In their recent paper on a similar topic, Bhavsar et al. (2010) argue that it is easier to derive fish consumption advisory-based sediment quality thresholds (fca-SQT), conceptually identical to the standard we derived, on the basis of non-normalized BSAFs, because sediment OC contents are not systematically available, and guidelines are generally expressed on a non-normalized basis. In fact, using normalized or non-normalized BSAFs in a given system would yield the same result (Appendix C of Electronic Supplementary Material). However, they also acknowledge that the uncertainty on the fca-SQTs they have determined is important, due to the use of fish and sediment concentrations in whole-lake averages; they accordingly suggest using site-specific sediment and fish data for a better assessment. The approach we developed is entirely based on site-specific data; moreover, normalized BSAFs can be used to adjust the guideline we calculated to local conditions (OC content), if needed.
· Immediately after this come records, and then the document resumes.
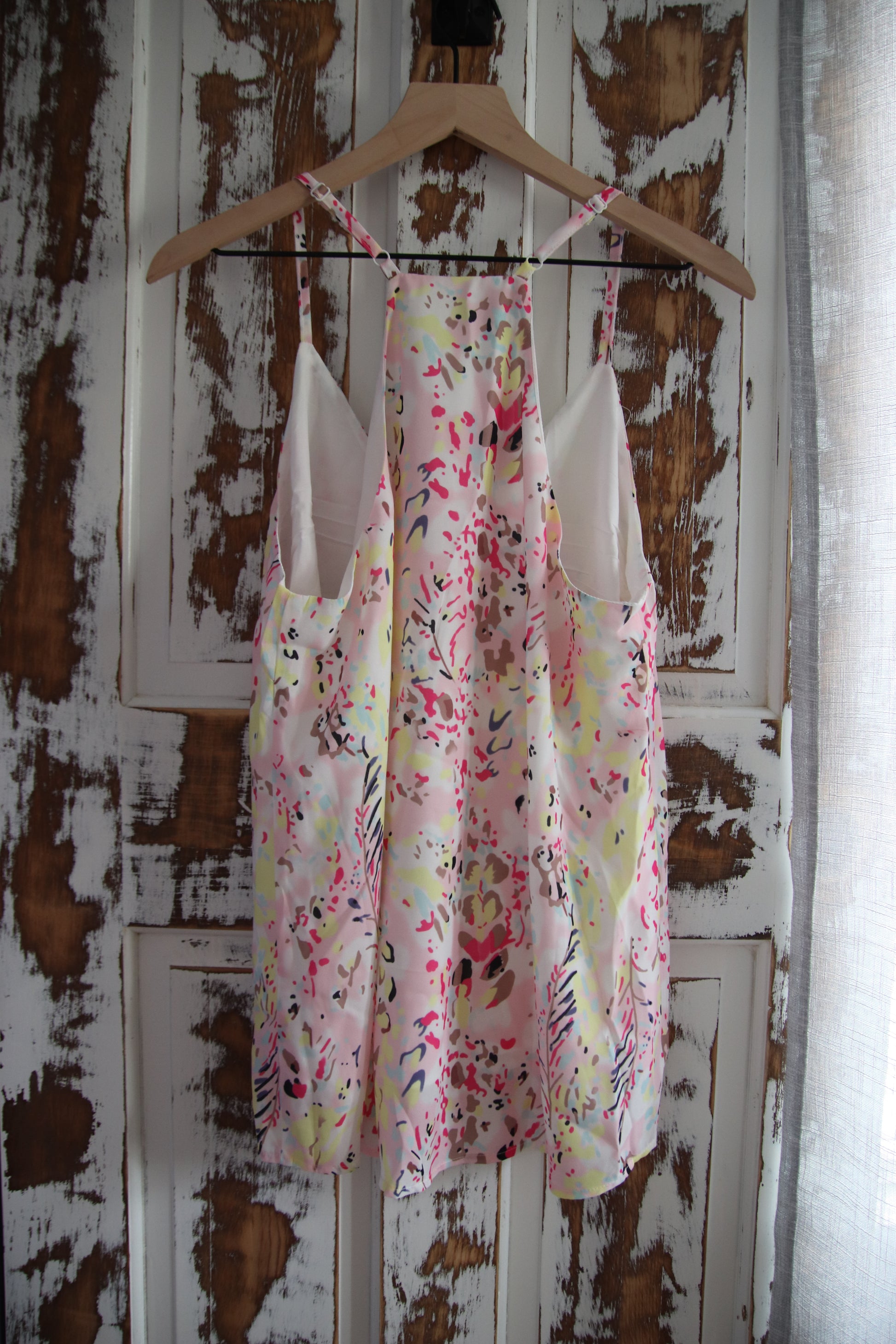 Expertly crafted for both style and comfort, this floral print racer back tank features a flowy silhouette that drapes elegantly over the body. The whimsical floral pattern adds a touch of feminine charm while the racer back design provides enhanced mobility. Perfect for layering or wearing alone during warmer months. Pair with jeans or shorts for a casual look or dress up with some khakis or a skirt.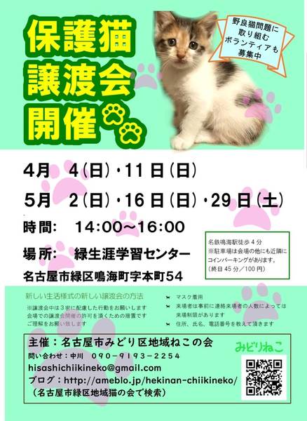 名古屋市緑区地域猫の会(みどりねこ)さんのイベント一覧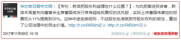 One down for corporate democracy. But do you think any of the institutional investors like BlackRock are going to complain about it?https://twitter.com/jackycwong/status/928805269689085952 …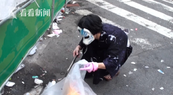 当地一些热心民众看不下去,自发上街捡垃圾。志愿者们一手拿着垃圾袋一手捡垃圾,不到十分钟就能装满一整袋,经过数小时才让街道恢复原来的整洁面貌。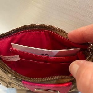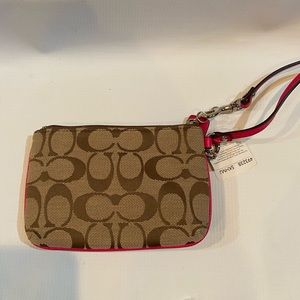 Coach wristlet NWT signature print hot pink trim

The tissue-based sediment guideline determined herein for the Rhone basin (26.6 ng g−1 dw) is fairly comparable to existing effect-based sediment guidelines, 22–23 ng g−1 (dw) (Apitz et al. 2007; Kwok et al. 2008) to 34.1 ng g−1 (dw) (EC 1999). Furthermore, it is far below the mechanistically based benchmarks reported elsewhere (e.g., Fuchsman et al. 2006), even though the latter are expressed as Aroclors. The Rhone SQG proposed is also comparable to the total PCBs fca-SQT ranging from 1 to 60 ng g−1 (dw) determined by Bhavsar et al. (2010) for several Great Lakes locations and four species. The most sensitive species in their study was lake trout, with an fca-SQT between 1 and 20 ng g−1 (dw) depending on the lake or location.

5 Conclusion: implications for monitoring and management

When actually determining whether biota are impaired or not by hydrophobic contaminants such as PCBs, a tiered approach based on sediment in the first step and fish or other biota in the second might be more appropriate than either an approach relying only on biota or only on sediments. An SQG related to a tissue-based threshold would trigger the second tier. In this perspective, the SQG we determined for the Rhone River on the basis of BSAF distributions for a range of species continues to have limited efficiency.